The trouble with The Terrible Twos is that [Reed has] said it all before and said it much better. This time out, he's picked another genre to tear apart with his imposition of varied forms and combinations of perspective. Just as he used Antigone in The Last Days of Louisiana Red to create a brilliant satire that collapsed under the strain of its near-misogyny, and just as he used the western for Yellow Back Radio Broke-Down, the detective story for Mumbo Jumbo, the slave narrative and Uncle Tom's Cabin for Flight to Canada, Reed weaves Rastafarianism and a reverse of the Todd Clifton dummy sequence from Invisible Man together with Dickens's A Christmas Carol in The Terrible Twos. Again we get the self-obsessed harpies, the mission Indians, the black hero who takes over the white form (unlike Todd Clifton, Black Peter is not controlled by whites who speak through his mouth—he speaks through theirs), the dumb black street hustlers who get into a game too complicated for them to understand, the corruption of Christianity, the secret society of powerful white bosses, the argument that preliterate custom and belief are just as good as modern civilization (if not better) and the beleaguered black hero who has woman problems (Reed touches on the sexual provincialism of black women, which didn't begin to change until the late 1960s when they had to compete with liberated and liberal white women for the affections of black men, but he doesn't do anything with that proverbial hot potato).
I'm not saying that Reed should abandon his concerns, but I am saying that for all the literary appropriations in The Terrible Twos, it hasn't the level of invention that made his best work succeed. There is too much predictability, too much dependence on revelation through conversation and interior monologue. Most of the mysteries must be explained by the characters, and what we do discover through their narratives isn't very interesting.
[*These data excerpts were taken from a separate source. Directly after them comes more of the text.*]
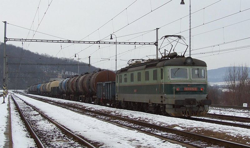 ŽSCS 183035 (DC 3 kV, 2790 kW) locomotive passing station Slanec, at the end of a freight train, as a helper locomotive, because the track has about 15 promile elevation at this portion. ŽSSK 183035 (DC 3 kV, 2790 kW) lokomotíva prechádza stanicou Slanec, na konci nákladného vlaku ako postrk, trať má totiž stúpanie okolo 15 promile na tomto úseku. ŽSSK 183035 (DC 3 kV, 2790 kW) mozdony halad át a Szalánci állomáson tehervonat végén tolómozdonyként, ugyanis a pálya emelkedése ezen a szakaszon kb. 15 ezrelék. 29. jan. 2008.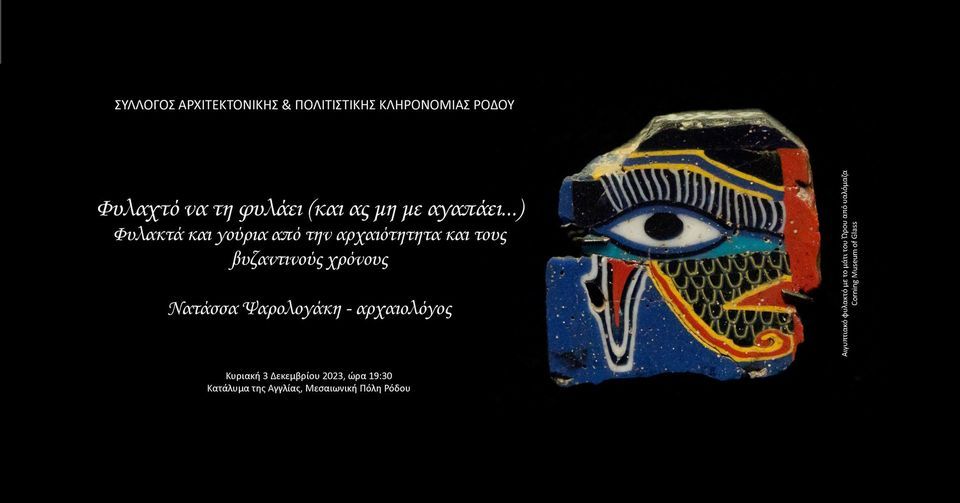 Ο Σύλλογος Αρχιτεκτονικής και Πολιτιστικής Κληρονομιάς Ρόδου σας προσκαλεί την Κυριακή 3 Δεκεμβρίου 2023 και ώρα 19:30 στην ομιλία της αρχαιολόγου Νατάσσας Ψαρολογάκη με τίτλο: “Φυλαχτό να τη φυλάει (και ας μη με αγαπάει…) – Φυλακτά και γούρια από την αρχαιότητα και τους βυζαντινούς χρόνους”. Σε μία ιστορική αναδρομή από την αρχαιότητα μέχρι και τις […]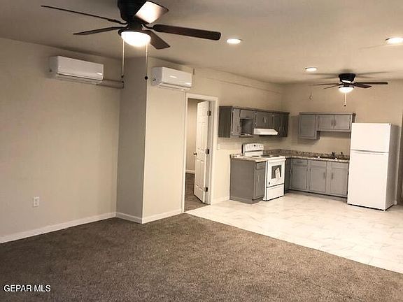 This property features 2 bedrooms, 3/4 bath, large family room and spacious kitchen which includes refrigerator, electric stove, microwave and stackable washer/dryer. Refrigerated air. Recessed lighting throughout. Ceiling fans. Within minutes to I-10, loop 375, shopping centers, schools and parks. Private parking rear of apartment.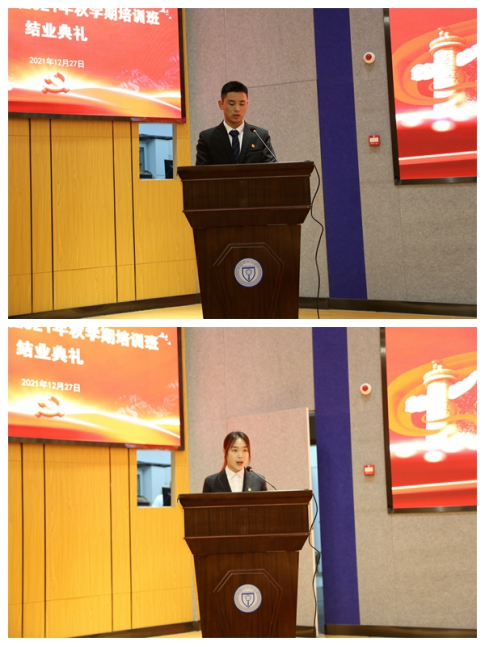 结业典礼上,酒店与管理学院20酒店管理4班的李超同学和旅游外语学院20旅游英语2班的刘晓宇同学作为优秀学员代表发言。他们首先代表全体参训学员,向全体授课老师的辛勤付出表示感谢,同时感谢学院党委提供的这次宝贵学习机会,让他们在为期一个月的时间里,对党组织有了更深的认识,明确了新时期大学生的历史使命,也更加坚定了加入中国共产党的决心。他们表示,将在今后的学习生活中,坚守理想信念,发挥模范作用,提升专业技能,用实际行动积极向党组织靠拢,争取早日加入中国共产党!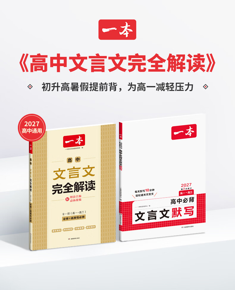 2027一本高中文言文完全解读高中语文文言文全解高中语文必背古诗文译注及赏析详解必备高一高二高三文言文全解一本通人教版必修选修全解全释全析古诗文翻译教辅图书 文言文全解+·文言文/古诗阅读训练(高1)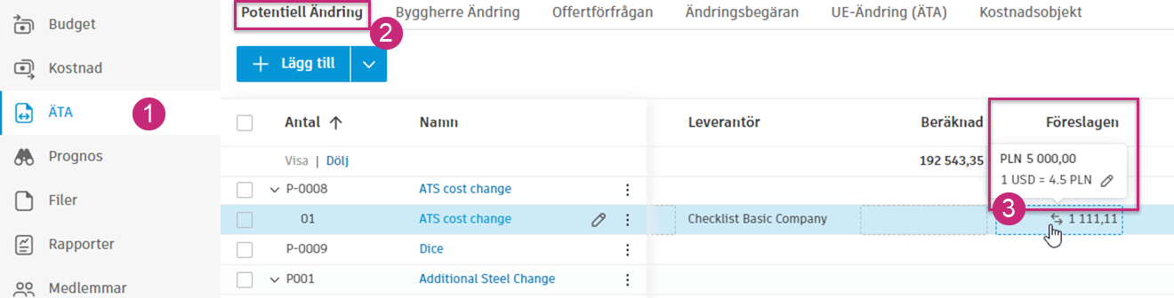 När du genererar ett nytt avtal från en Potentiell Ändring (PCO) eller ett kostnadsobjekt kan du välja valutan, redigera valutakursen och kopiera värdet från kolumnen Uppskattat. Ikonen visar det konverterade värdet.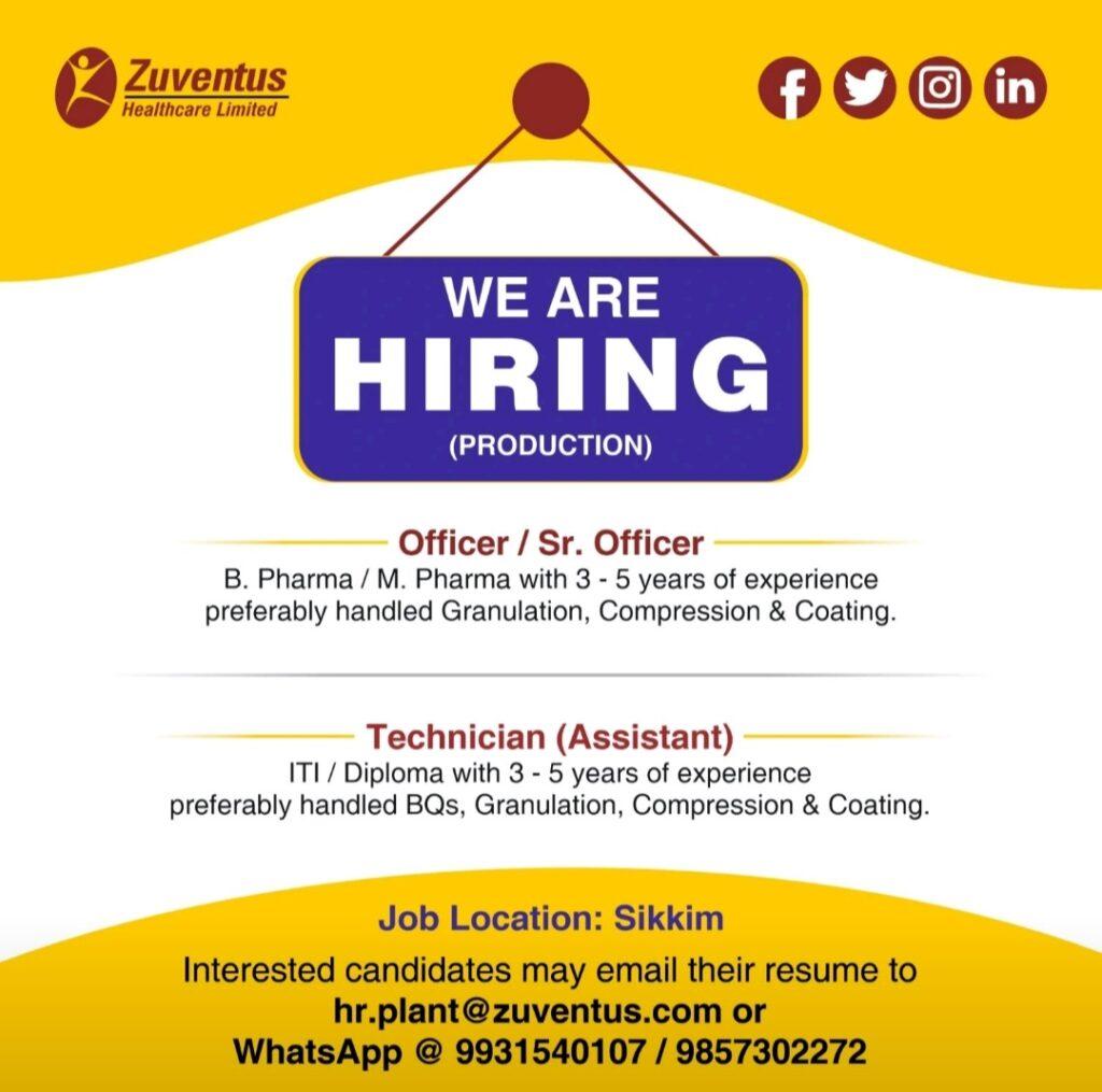 Interested candidates may email their resume to hr.plant@zuventus.com or WhatsApp @ 9931540107/ 9857302272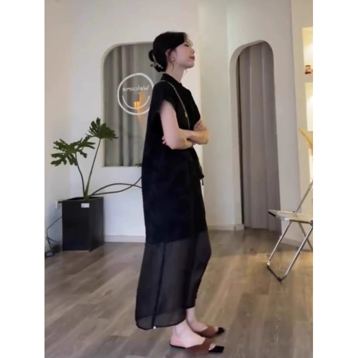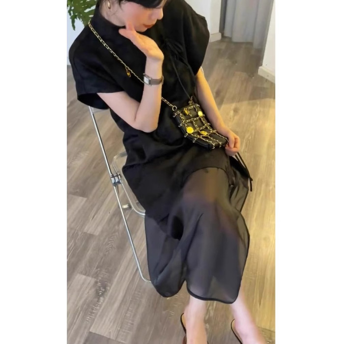XZOXZO2025新款新中式黑色連衣裙女夏季驚豔拼接小衆設計顯瘦裙子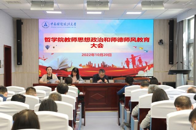 为提升学院教师思想政治素质和师德师风水平,哲学院于10月20日下午召开教师思想政治和师德师风专题教育大会,全院教职工参会。会议由学院党委书记刘琳琳主持。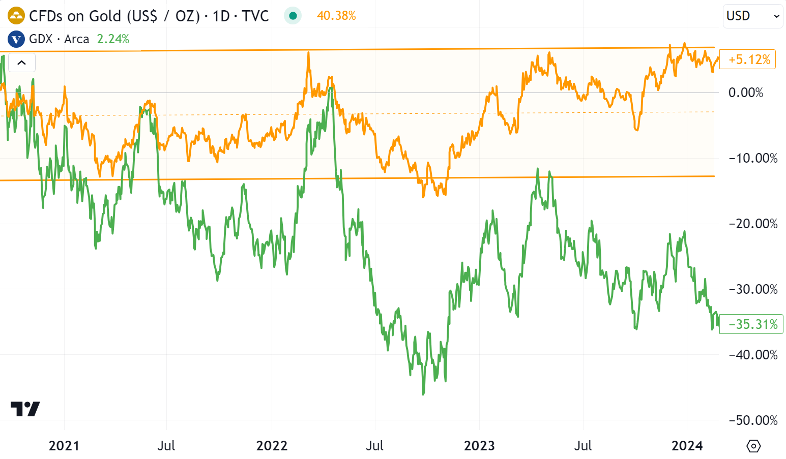 But rising operating costs and capital requirements can offset the benefit of higher commodity prices. Over the past several years, increased costs for energy, capital equipment, and labor have significantly impacted mining earnings and stock prices, even while gold prices remained relatively stable from late 2020 to 2023.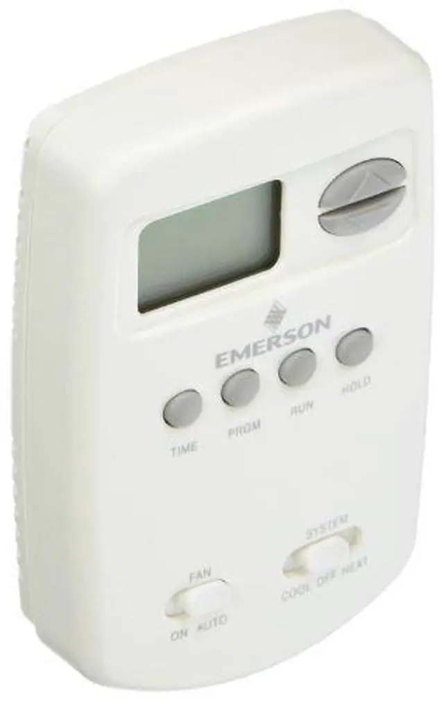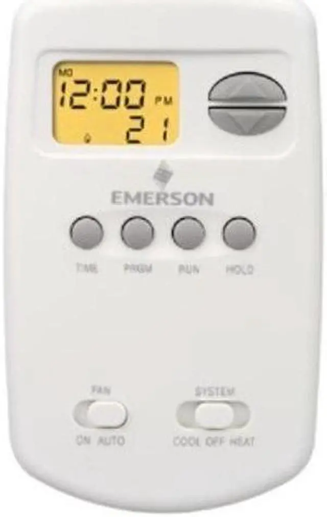Emerson 1E78-151 is a battery-powered thermostat 5/2 day programmable with a large easy display as well as 4 time and 4 temperature settings per program for heating and cooling.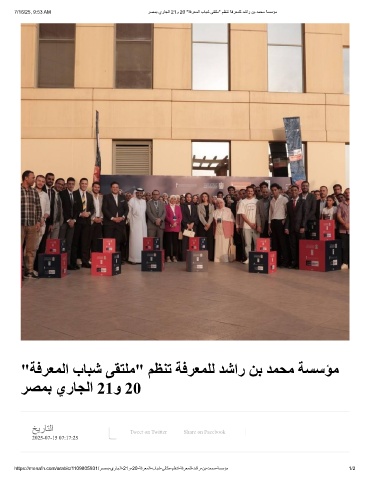 7/16/25, 9:53 AM رﺻﻣﺑ يرﺎﺟﻟا 21و 20 "ﺔﻓرﻌﻣﻟا بﺎﺑﺷ ﻰﻘﺗﻠﻣ" مظﻧﺗ ﺔﻓرﻌﻣﻠﻟ دﺷار نﺑ دﻣﺣﻣ ﺔﺳﺳؤﻣ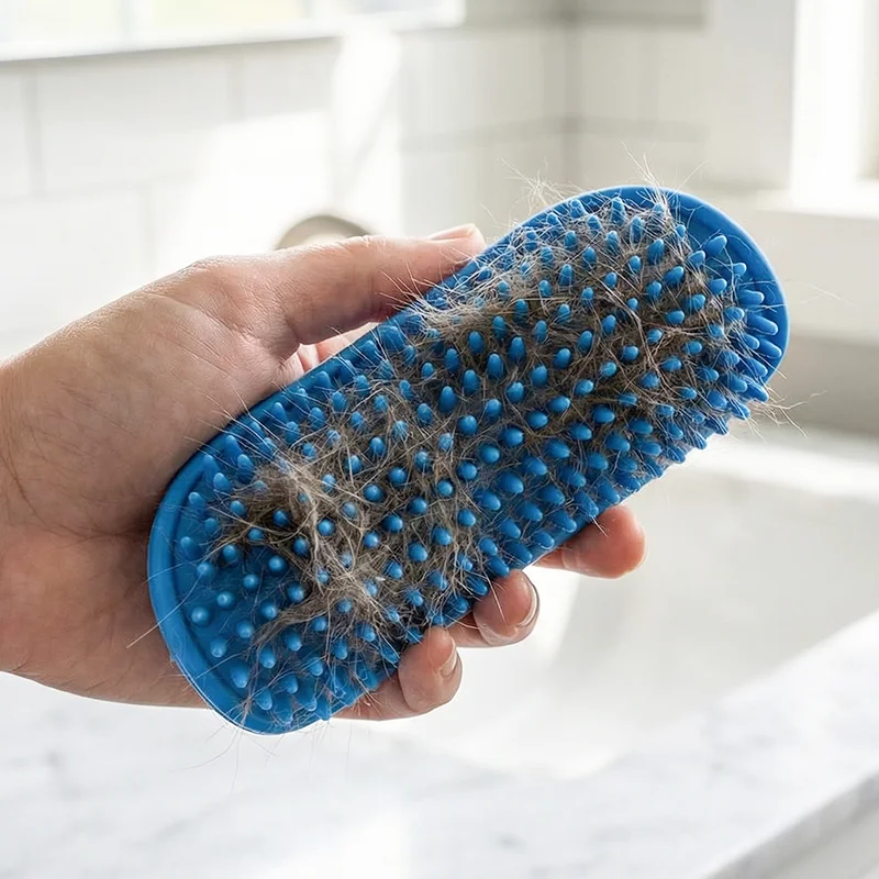 My dog used to hide at bath time but now comes running! The scrubber is comfy and even helps remove tons of loose fur.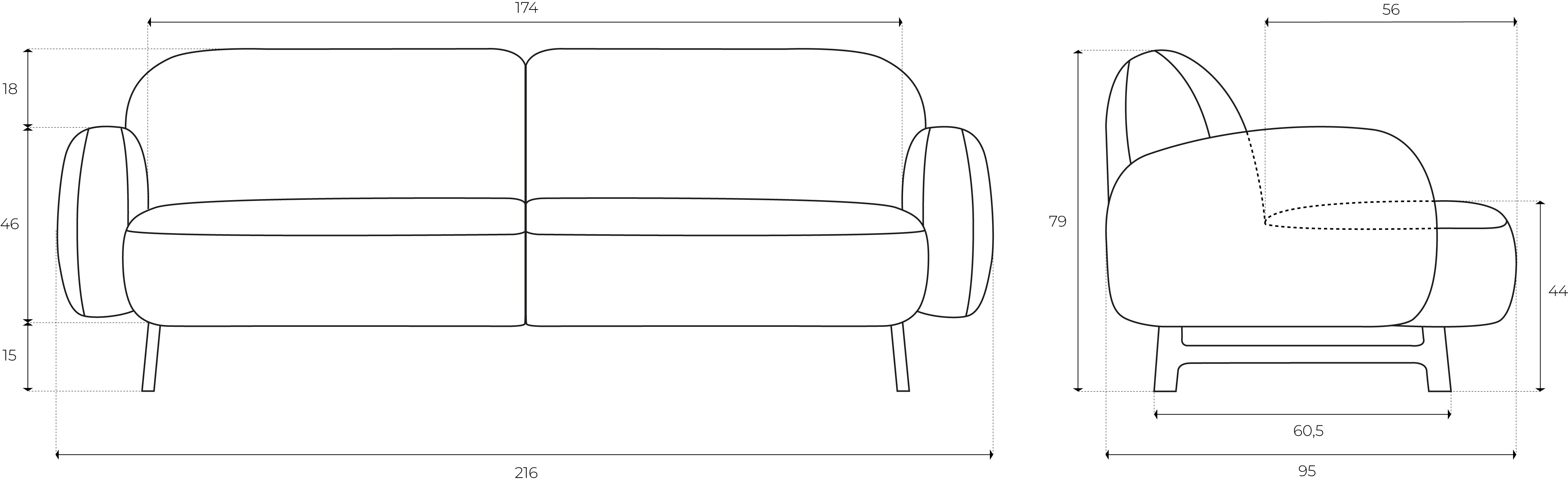 Made in Europe, Auguste sofas are made of high-density foam that does not deform and a layer of soft, supple foam for optimal comfort. They are covered with a partially recycled polyester fabric.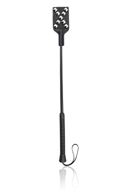 Műbőr csapóval és a csapón fém szegecsekkel.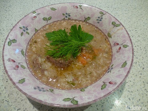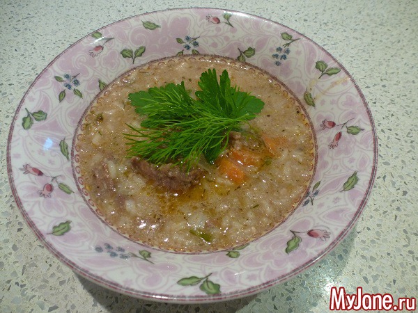 Старший, накладывая себе тарелочку с горкой, одобрительно назвал суп "жидким пловом"

When the President, for instance, is taken into hell, what he sees are the ghosts of presidents and vice presidents past, and there follow heavy-handed scenes of contrition and retribution—Truman grieving over the atom bomb, Rockefeller chained to the corpses of the Attica victims, etc. When Santa Claus and the President get their chance to speak out against the commercialization of Christmas on the one hand and the manipulation of the country by industrialists on the other, the clichés resound. But since Reed considers this novel a surrealist variation on the social realist novel of economic complaint, maybe he thought he should pop the corn rather than serve it in hard kernels. There are some funny passages along the way, however. There is even an attempt to infuse his surreal puppet show with realistic relationships, especially on an erotic level, and this brings what freshness there is to the novel. It also suggests that Reed may soon examine the range of sexual and social attractions that a multiracial society makes so possible, especially since the passage from Europe to the Third World can sometimes take place within only a few city blocks. If that is what he intends for his sequels—The Terrible Threes and The Terrible Fours—then the world he has developed, one quilted with endless allusions, mythology, improvisation and concentric circles of time and culture, could give birth to the potential so basic to the social contract and to the diversity of this country—Ishmael Reed's All-American Novel. The Terrible Twos, unfortunately, is mostly a shadow of his former work, and a shadow that tells us little we don't already know. (pp. 618-19)
Stanley Crouch, "Kinships and Aginships," in The Nation, Vol. 234, No. 20, May 22, 1982, pp. 617-19.